» **Information supplied**:
================================

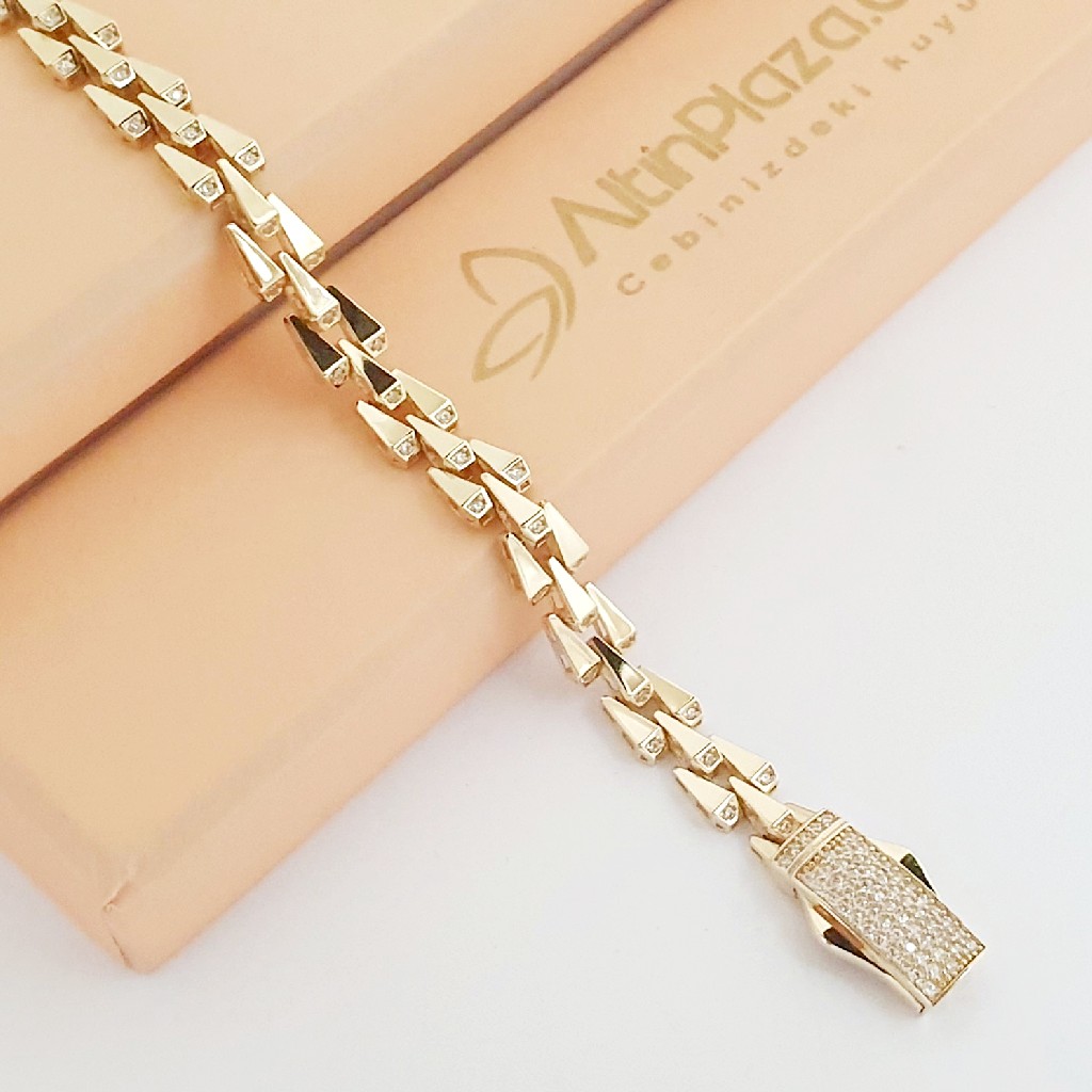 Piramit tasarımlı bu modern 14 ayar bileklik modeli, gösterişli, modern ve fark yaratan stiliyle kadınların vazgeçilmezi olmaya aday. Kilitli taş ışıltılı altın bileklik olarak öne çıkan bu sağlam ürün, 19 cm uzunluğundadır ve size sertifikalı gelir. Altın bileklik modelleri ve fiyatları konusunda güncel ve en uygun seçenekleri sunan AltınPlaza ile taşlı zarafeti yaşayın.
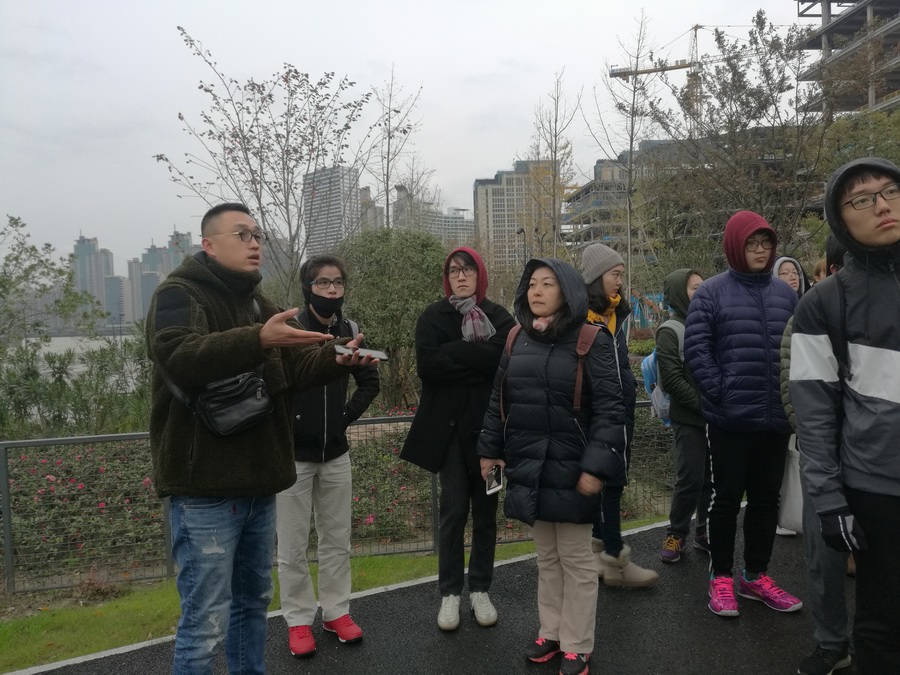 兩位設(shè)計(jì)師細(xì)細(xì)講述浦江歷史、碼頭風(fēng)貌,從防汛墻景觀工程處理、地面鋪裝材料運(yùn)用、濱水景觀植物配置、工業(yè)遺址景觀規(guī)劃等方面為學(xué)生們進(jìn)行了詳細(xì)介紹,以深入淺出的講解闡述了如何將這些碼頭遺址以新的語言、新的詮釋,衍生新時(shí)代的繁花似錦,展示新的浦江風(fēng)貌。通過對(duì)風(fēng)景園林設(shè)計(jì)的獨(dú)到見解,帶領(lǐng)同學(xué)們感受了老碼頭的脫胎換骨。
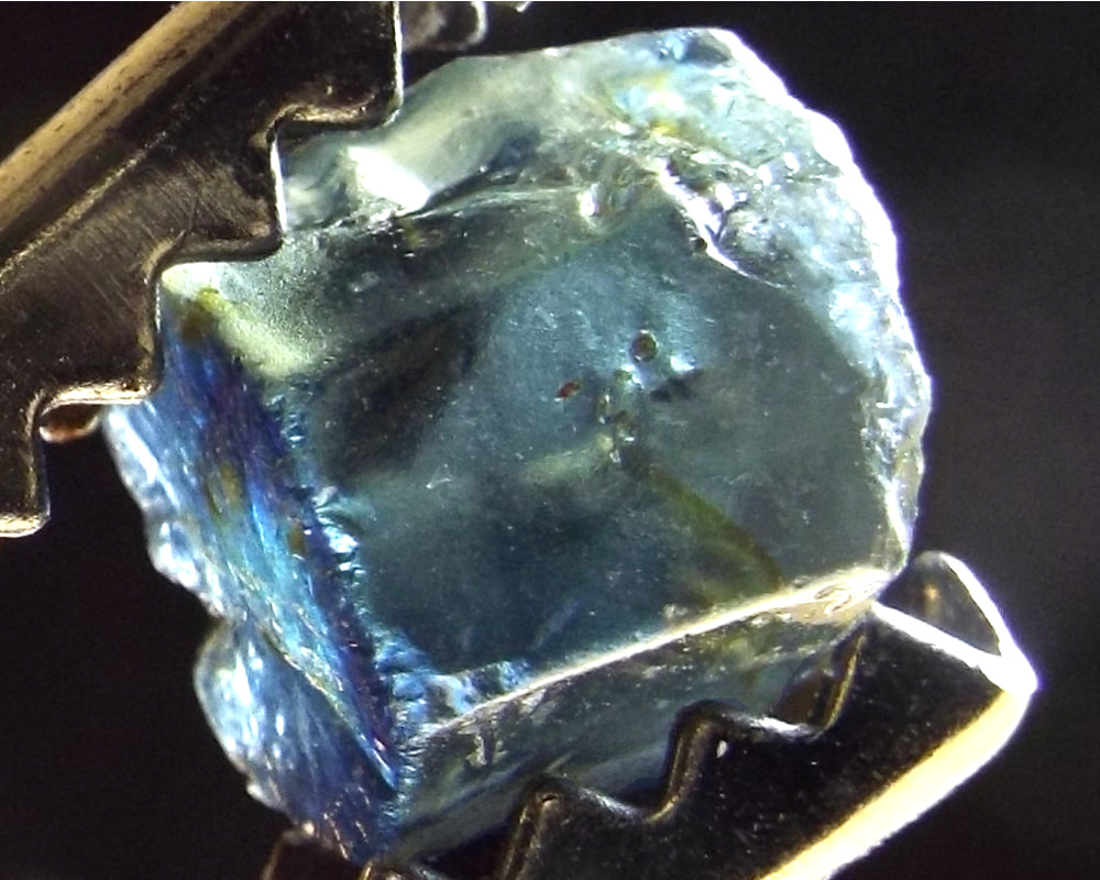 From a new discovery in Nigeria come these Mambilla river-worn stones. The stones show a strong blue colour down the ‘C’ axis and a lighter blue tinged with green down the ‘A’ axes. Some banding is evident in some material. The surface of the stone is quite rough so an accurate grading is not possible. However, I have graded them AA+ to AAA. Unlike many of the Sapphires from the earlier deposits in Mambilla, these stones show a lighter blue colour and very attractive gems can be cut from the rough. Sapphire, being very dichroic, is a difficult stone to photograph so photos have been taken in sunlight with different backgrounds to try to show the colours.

================================

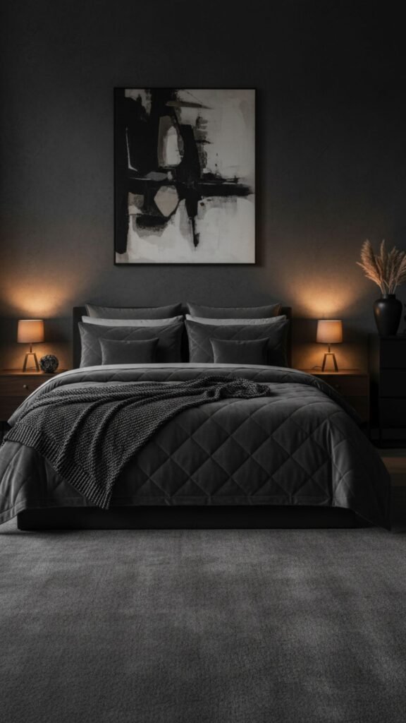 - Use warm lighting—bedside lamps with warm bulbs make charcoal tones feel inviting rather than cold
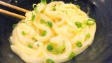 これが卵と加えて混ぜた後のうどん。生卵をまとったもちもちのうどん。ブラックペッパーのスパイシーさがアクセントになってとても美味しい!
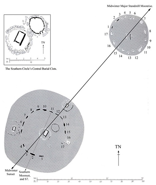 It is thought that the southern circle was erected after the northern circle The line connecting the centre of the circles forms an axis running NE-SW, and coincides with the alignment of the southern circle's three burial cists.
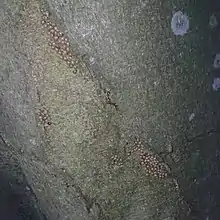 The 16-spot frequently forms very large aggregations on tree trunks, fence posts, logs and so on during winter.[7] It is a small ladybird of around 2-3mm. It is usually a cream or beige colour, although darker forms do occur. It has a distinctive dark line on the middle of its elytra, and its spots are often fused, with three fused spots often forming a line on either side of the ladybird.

================================

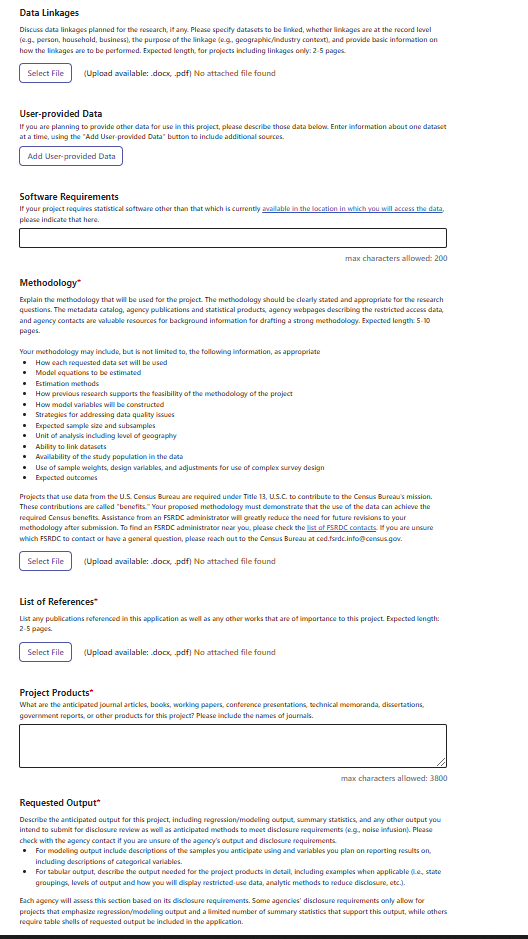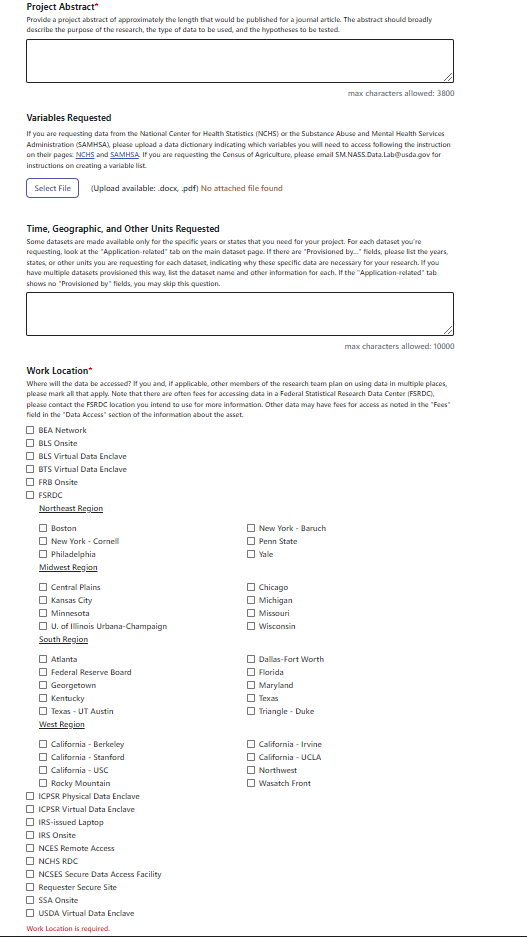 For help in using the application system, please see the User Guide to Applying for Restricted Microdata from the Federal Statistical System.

================================

In the data above, find the line containing "Piramit tasarımlı bu" and the line containing "兩位設(shè)計(jì)師". Copy exactly the stretch from the first through the second, both included, leaving out any picture.

» **The answer**:
 Piramit tasarımlı bu modern 14 ayar bileklik modeli, gösterişli, modern ve fark yaratan stiliyle kadınların vazgeçilmezi olmaya aday. Kilitli taş ışıltılı altın bileklik olarak öne çıkan bu sağlam ürün, 19 cm uzunluğundadır ve size sertifikalı gelir. Altın bileklik modelleri ve fiyatları konusunda güncel ve en uygun seçenekleri sunan AltınPlaza ile taşlı zarafeti yaşayın.
 兩位設(shè)計(jì)師細(xì)細(xì)講述浦江歷史、碼頭風(fēng)貌,從防汛墻景觀工程處理、地面鋪裝材料運(yùn)用、濱水景觀植物配置、工業(yè)遺址景觀規(guī)劃等方面為學(xué)生們進(jìn)行了詳細(xì)介紹,以深入淺出的講解闡述了如何將這些碼頭遺址以新的語言、新的詮釋,衍生新時(shí)代的繁花似錦,展示新的浦江風(fēng)貌。通過對(duì)風(fēng)景園林設(shè)計(jì)的獨(dú)到見解,帶領(lǐng)同學(xué)們感受了老碼頭的脫胎換骨。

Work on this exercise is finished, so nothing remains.